I have written several articles for the Ottawa PC News that touched at least a bit on how your computer is vulnerability to attack from folks on the Internet. The most common means of defending your computer is to use a personal firewall product or intrusion detection software such as BlackICE Defender, WinRoute, ZoneAlarm, Sybergen Secure Desktop, or Norton Internet Security.

But I have been asked before how to determine the level of risk and just how vulnerable your machine is. I wrote in the October 2000 issue of Ottawa PC News about using a port scanner to check your machine for open ports. But that only tells part of the story. To really see the complete picture, you need to use software designed to look for vulnerabilities beyond just simple open ports.

Generally, these packages are out of the financial reach of individuals. They typically are licensed on a per-year basis at rates running into the tens of thousands of dollars.

WebTrends has released their popular WebTrends Security Analyzer (WTSA) free for personal use. The free version allows you to scan up to ten hosts on your local subnet. You can download a copy from their Web site ( or from PUB II in the Miscellaneous Utilities file area. If you get it from PUB II, there are three files; wtsacons.exe (the main program), wtsaaw32.exe (the agent for Win32 machines. Required if you want to scan one machine from
another), and wtsadocs.pdf (the documentation in Adobe Acrobat format.

When you install WTSA and run it the first time, it offers to update itself from the WebTrends site. Let it do this, even if you download the program directly from WebTrends, as there will always be updates.

Be sure to review the documentation. This is a quite involved program and you are not likely to get the most from it simply by running it and trying it out.

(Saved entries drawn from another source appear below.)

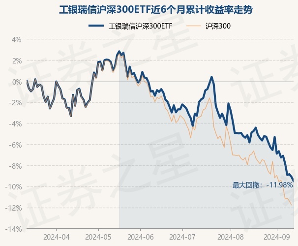 证券之星消息,9月12日,工银瑞信沪深300ETF最新单位净值为3.3305元,累计净值为0.9233元,较前一交易日下跌0.42%。历史数据显示该基金近1个月下跌4.34%,近3个月下跌8.6%,近6个月下跌9.45%,近1年下跌13.18%。该基金近6个月的累计收益率走势如下图:
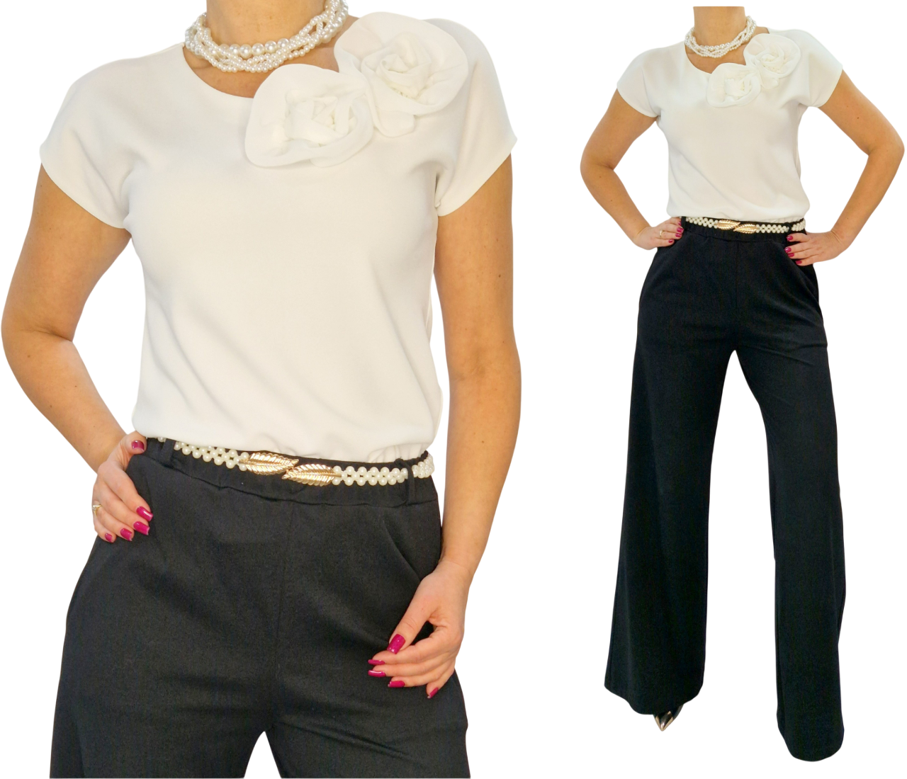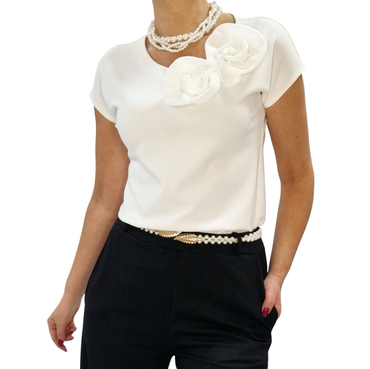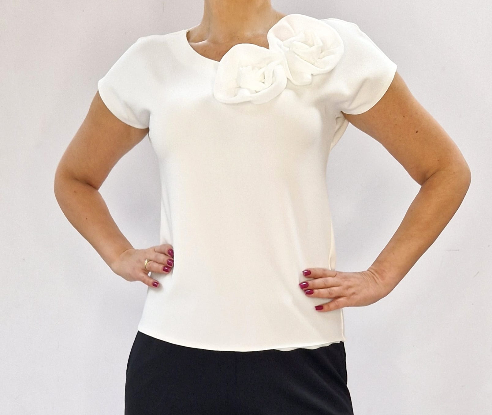 WIZYTOWA BLUZKA GLAMOUR Z RÓZAMI 3D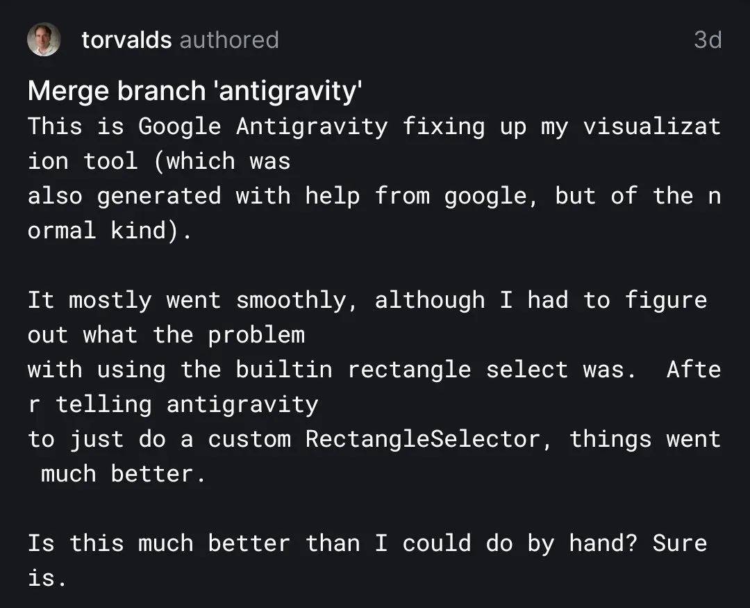 Antigravity 创建者、谷歌 DeepMind 工程师 Varun Mohan 视 Torvalds 为自己的编程偶像之一,此次对其能够在最新的项目中使用该 AI 编程工具感到莫大的荣幸。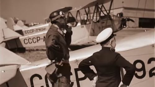 Airport of Kiev-Brovary which was the place where Istrebiteli was filmed the previous year. German army offensive totally destroyed it in 1941 and after the war, a new place was held for the next airport.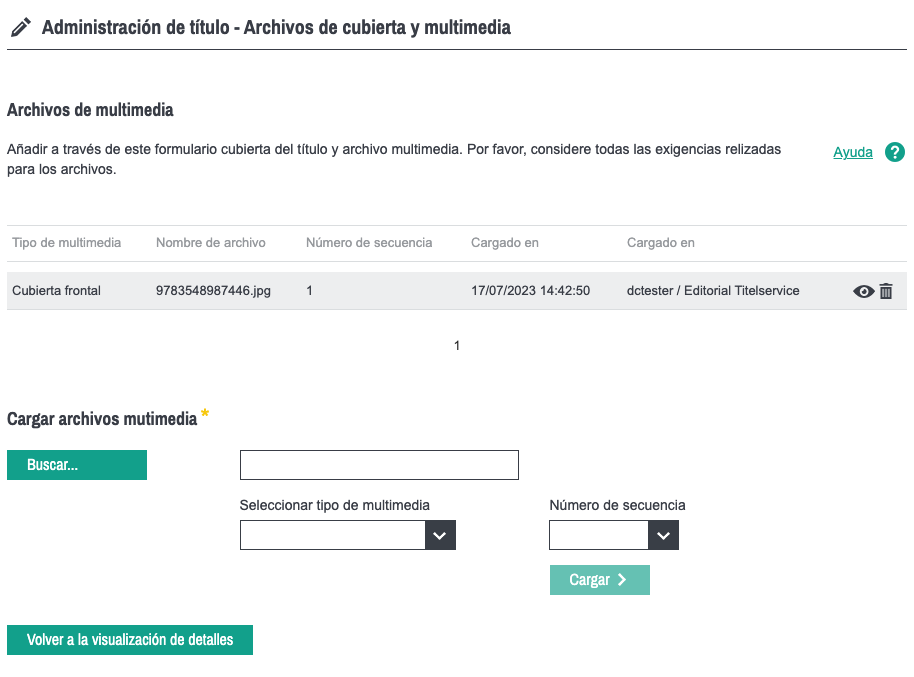 En el gestor de «Archivos de cubierta y multimedia», basta con dar clic en el botón «Buscar...» para elegir el archivo almacenado en nuestra computadora, elegirlo, seleccionar el tipo de multimedia en el listado precargado y asignar el número de secuencia cuando se trate de más un archivo con las mismas características y dar clic en el botón «Cargar».

The documentation explains the program quite well and will help you make more effective use of WTSA.

I first ran WTSA on a stock Windows 2000 Professional machine running on FAT32 drives. It was in a workgroup (as opposed to belonging to a domain). I told WTSA to do a complete scan for all vulnerabilities and went away for supper while it chugged away.

When I returned, I was a little surprised to discover that WTSA had found 454 vulnerabilities; 36 high risk, 318 medium risk, and 100 low-risk. When I asked it to generate a complete report in Word format, the final document was 160- pages long!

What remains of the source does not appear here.